Men are still better than women in many important categories and endeavors of life. Let me count the ways:
1) Men can reach the top shelf. And not just in the kitchen. They can reach up there in the garage, the basement, even in your clothes closet.
2) Men can unscrew a new jar of jelly or olives or any other jar from the grocery store that is screwed down so tight it takes a real — shall I say it? — man to open the damn thing.
3) Men offer a lot of advice — all for free.
4) Men know how to gamble. I’m not saying they know how to win, just that they know how to gamble.
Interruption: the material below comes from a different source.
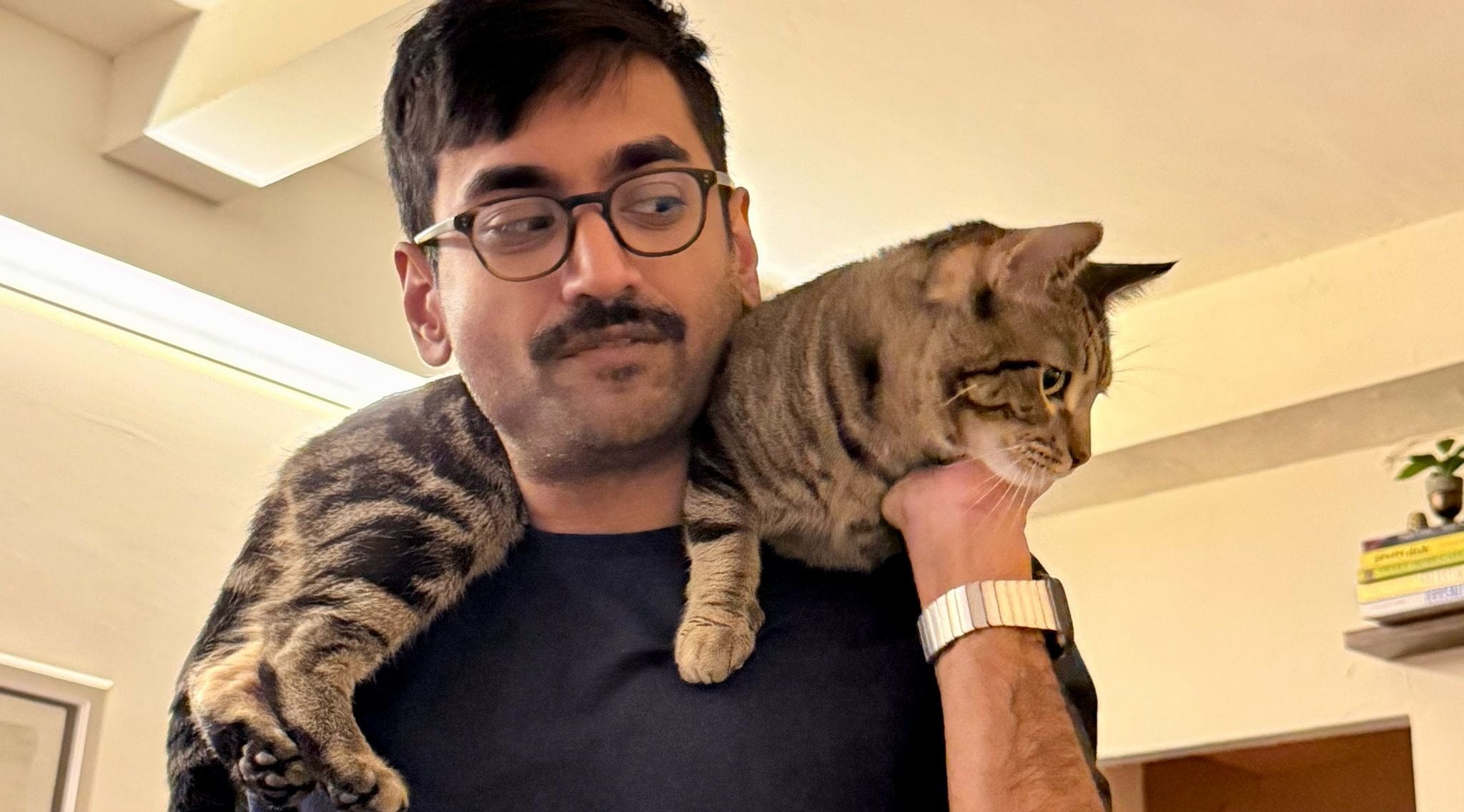 I got Sushi for Yas in January 2025, right before we decided to move in together. Within hours, this tiny gray-black-and-white fur baby imprinted on Yas, dubbed him “his person,” and that stinker hasn’t left his side since. They truly are inseparable. Sushi curls up on Yas’s lap while he works, follows him from room to room, meows at him when he’s decided Yas needs to wake up. Sushi’s favorite spot is on Yas’ shoulder, paws hanging over like the baby he is, and Yas just needs to carry him from room to room...just...like...that.

5) Men have incredible focus and an unbelievable attention span. I mean, have you ever tried to watch a baseball game, or a golf match, all the way through? They can play a violent video game for 6 or 8 hours, without stopping.
6) Men have an understated but always-appreciated social skill involving — as my friend Joe the golfer likes to say — the ability to “grace you with the gift of their absence,” especially on a Saturday or Sunday during golf season.
7) Men can fix things. Well, some men can fix things. Other men try to fix things, then after they break them, they know how to call in the expert. Either way, they care of the mechanical things in your life.
8) As politicians prove over and over again, men can yell louder than women, they can interrupt more often, and they have the ability to completely ignore what that the other person is saying.
9) Men do yard work . . . at least, as long as they can use some kind of heavy machinery.